Druck auf Kommunen wächst

Dies soll auch für die drei weiteren Grundschulen im Stadtgebiet gelten: An der Erich-Kästner-Schule in Voerde sind 59 Prozent der Erst- bis Viertklässler für die OGS angemeldet, an der Astrid-Lindgren-Schule in Spellen liegt die Quote bei 65 Prozent und im Fall der Regenbogenschule in Möllen bei 66 Prozent. Die Stadtverwaltung stehe auch an diesen drei Standorten ständig in einem engen Austausch mit den Beteiligten.

Dies betrifft nicht nur die aktuelle Situation.
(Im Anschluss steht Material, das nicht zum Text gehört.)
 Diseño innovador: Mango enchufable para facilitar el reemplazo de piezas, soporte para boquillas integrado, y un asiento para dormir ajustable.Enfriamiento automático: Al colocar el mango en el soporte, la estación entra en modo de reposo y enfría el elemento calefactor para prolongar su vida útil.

Denn: Bei dem Thema erhöht sich der Druck auf die Städte und Gemeinden noch einmal dadurch, dass ab August 2029 jedes Grundschulkind der Klassen eins bis vier einen Rechtsanspruch auf eine Ganztagsbetreuung hat. Der Beschluss der Bundesregierung von 2021 gilt sukzessive aufbauend ab dem Schuljahr 2026/2027. Heißt: Ab August 2026 haben zunächst alle Erstklässler Anspruch auf einen OGS-Platz. Damit dürfte sich die Nachfrage nach diesem Betreuungsangebot noch einmal verstärken. Die Stadt Voerde rechnet mit einer Quote von rund 80 Prozent – was einer Steigerung um zehn Prozentpunkte entspräche. Ihre Prognose begründet sie damit, dass sie bereits jetzt in der Situation sei beziehungsweise gewesen sei, „noch kein Kind ablehnen zu müssen“.
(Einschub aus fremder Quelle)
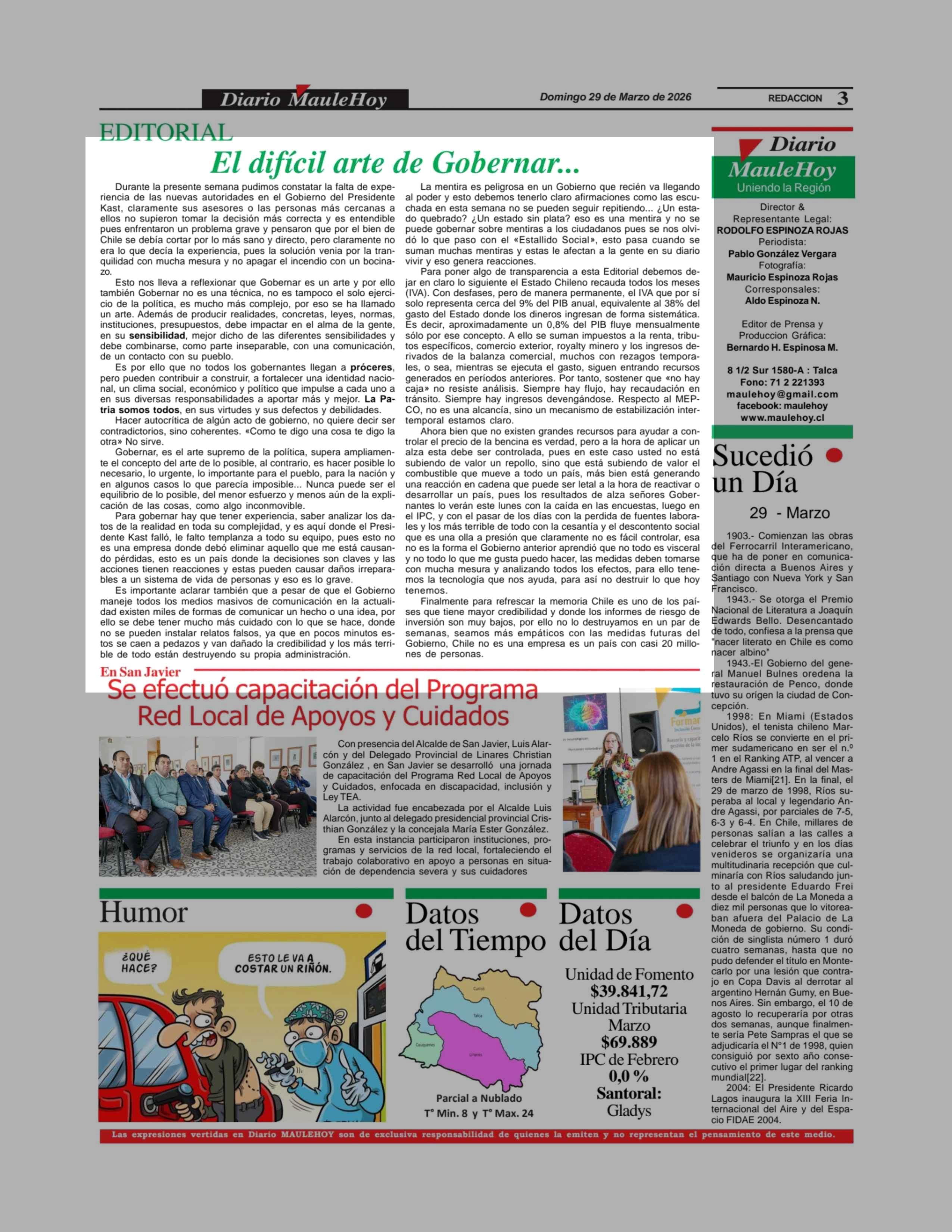 Fecha: 29-03-2026 Sector: Editorial Región: Región del Maule

Kritik aus dem Voerder Rathaus klingt an

Was die mit dem Rechtsanspruch einhergehenden Erweiterungserfordernisse an den fünf Grundschulstandorten betrifft, sei die Verwaltung mit Schulleitungen sowie OGS-Trägern und -Leitungen in intensiven Gesprächen. Die Ergebnisse daraus würden der Politik im nächsten Sitzungszug im September in den beteiligten Gremien vorgestellt. „Vor allem im Bereich der Mensen werden Erweiterungen an allen Standorten nötig sein“, erläutert Stadtpressesprecherin Miriam Lütjann. Dazu würden auch im Bereich des Bestandes durch Nutzungsänderungen und Umbauten von Räumen sowie im Bereich der Ausstattung der Räume Möglichkeiten geschaffen, um diese multifunktional zu nutzen.

Aus dem Voerder Rathaus klingt Kritik an der weiteren Kostenbelastung an: „Insgesamt ist bereits jetzt erkennbar, dass die derzeit kommunizierten finanziellen Unterstützungen des Bundes bei Weitem nicht ausreichen werden, die Investitions- und die Betriebskosten zu decken“, sagt Lütjann.
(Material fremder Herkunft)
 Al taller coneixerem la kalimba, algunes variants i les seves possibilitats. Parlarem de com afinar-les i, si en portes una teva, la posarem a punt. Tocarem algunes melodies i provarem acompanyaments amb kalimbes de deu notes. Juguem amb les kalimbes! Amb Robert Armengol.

>>Info: Nachfrage nach offenem Ganztag ist in Voerde stetig gestiegen

In den vergangenen Jahren ist der Bedarf an OGS-Plätzen bei den Erst- bis Viertklässlern in Voerde deutlich gestiegen. Lag die Quote 2012 noch bei insgesamt 51 Prozent, waren es 2022 bereits 66 Prozent.

Die Steigerungen spiegeln sich auch in den absoluten Zahlen wider: 2022 wurden insgesamt 827 Mädchen und Jungen von insgesamt 1240 an Voerder Grundschulen für die OGS angemeldet, zehn Jahre zuvor waren es 660 von insgesamt 1.294 Schülerinnen und Schülern.